STEP 4: We will get 194.254.160.0/28 and 194.254.160.16/28. WE NEED NOW /28. We need 3 of them. So, N1 will be 194.254.160.0/28 and N2 will be 194.254.160.16/28. STEP 5: We still need a network of 16, so we move to the right. 194.254.160.32/27 can be split into 194.254.160.32/28 and 194.254.160.48/28. N3 will be 194.254.160.32/28. STEP 6: We solved the networks that required 16IPs, we have left 4networks that need 4IPs. We split 194.254.160.48/28. We need to split twice (16->8->4) to have what we need(/30). See the image.

Advanatges:

  • you will never get an invalid combination with the mask. The mask will always be correct.

Let's write some routing tables.

Recall this image image

For R2: The connected networks are: N2, N4, N6
Remember the IP for the routers:

  • R1 has IP:
    • 194.254.160.50 in N4
    • 194.254.160.53 in N5 P.S: 0.0.0.0 means it's directly connected to the network (default entry)
Destination Network Mask Next Router(Gateaway) Interface
194.254.160.16 (N2) /28 0.0.0.0 0
194.254.160.48 (N4) /30 0.0.0.0 2
194.254.160.56 (N6) /30 0.0.0.0 1
194.254.160.0 (N1) /28 194.254.160.50 (R1 from N4) 2
194.254.160.52 (N5) /30 194.254.160.50 (R1 from N4) 2
194.254.160.32 (N3) /28 194.254.160.50 (R1 from N4) 2
OR 0.0.0.0(use R4 for N3) /30 194.254.160.58 (R4 from N6) 1

pb3

Extract first IP and broadcast for 172.17.89.200/19.

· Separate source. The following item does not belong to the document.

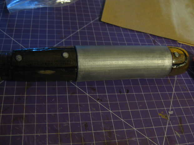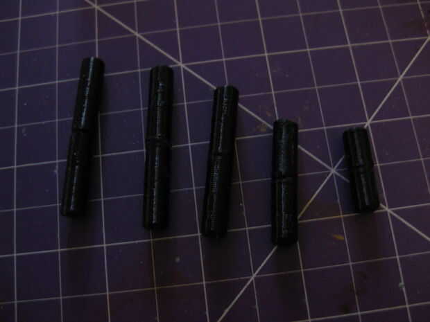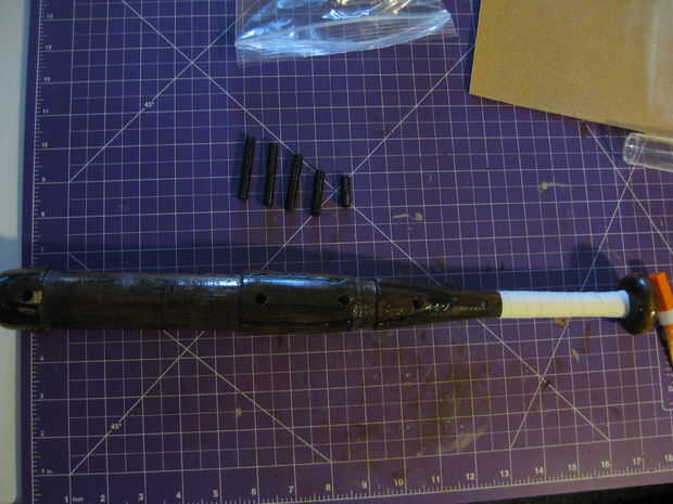 -Seco colocar todas las piezas de impresión 3D en su palo de madera. Quizá deba dremmel a algún material de la parte trasera de los collares para asegurarse de que sólo es aproximadamente un 1 mm de espacio entre las piezas del collar cuando se instala alrededor del palo. Cuando todas las piezas encajan correctamente podemos empezar.

Is this a network address or an IP from a network? 200 % 19 != 0 so it's an IP.

1. HOW DO WE OBTAIN THE NETWORK ADDRESS? With the operation ip AND mask:
172.17.89.200 AND
244.255.224.0
= = = = = = =
172.17.64.0 => Network address => first IP is 172.17.64.1

2. HOW DO WE OBTAIN THE BROADCAST ADDRESS?
With the operation network addr OR complementary of mask:
The mask is /19 which is equivalent to 255.255.224.0 => the complementary is 0.0.31.255

172.17.64.0 OR
0.0.31.255
= = = = = = =
172.17.95.255 => Broadcast address

pb4

Subnet 203.10.93.0/24 in 30 subnets. Is 203.10.93.30 a valid host IP?

Can we split that IP address base into 30 equally sized subnets? No, because 256 % 30 != 0.

1. Can 203.10.93.30 be a network address?
To be 203.10.93.30 a network address, 30 needs to be a sum of powers of 2 or a power of 2. 16+8+4+2=30 => it can be a network address. But if it would be a subnetwork address, you'll have the mask 31 (You can write 30 as 00011110 => mask /31) which is unusable so IT CAN'T BE A NETORK ADDRESS. Also, 30 is only divisible with 2 so the mask is /31.

2. Can 203.10.93.30 be a broadcast address?
If it's a broadcast that would mean that the next subnetwork should start at 203.10.93.31, which is impossible (it's not a sum of powers of 2, and it should be divisible by 4 at least).

From (1) and (2) => 203.10.93.30 is always a host IP.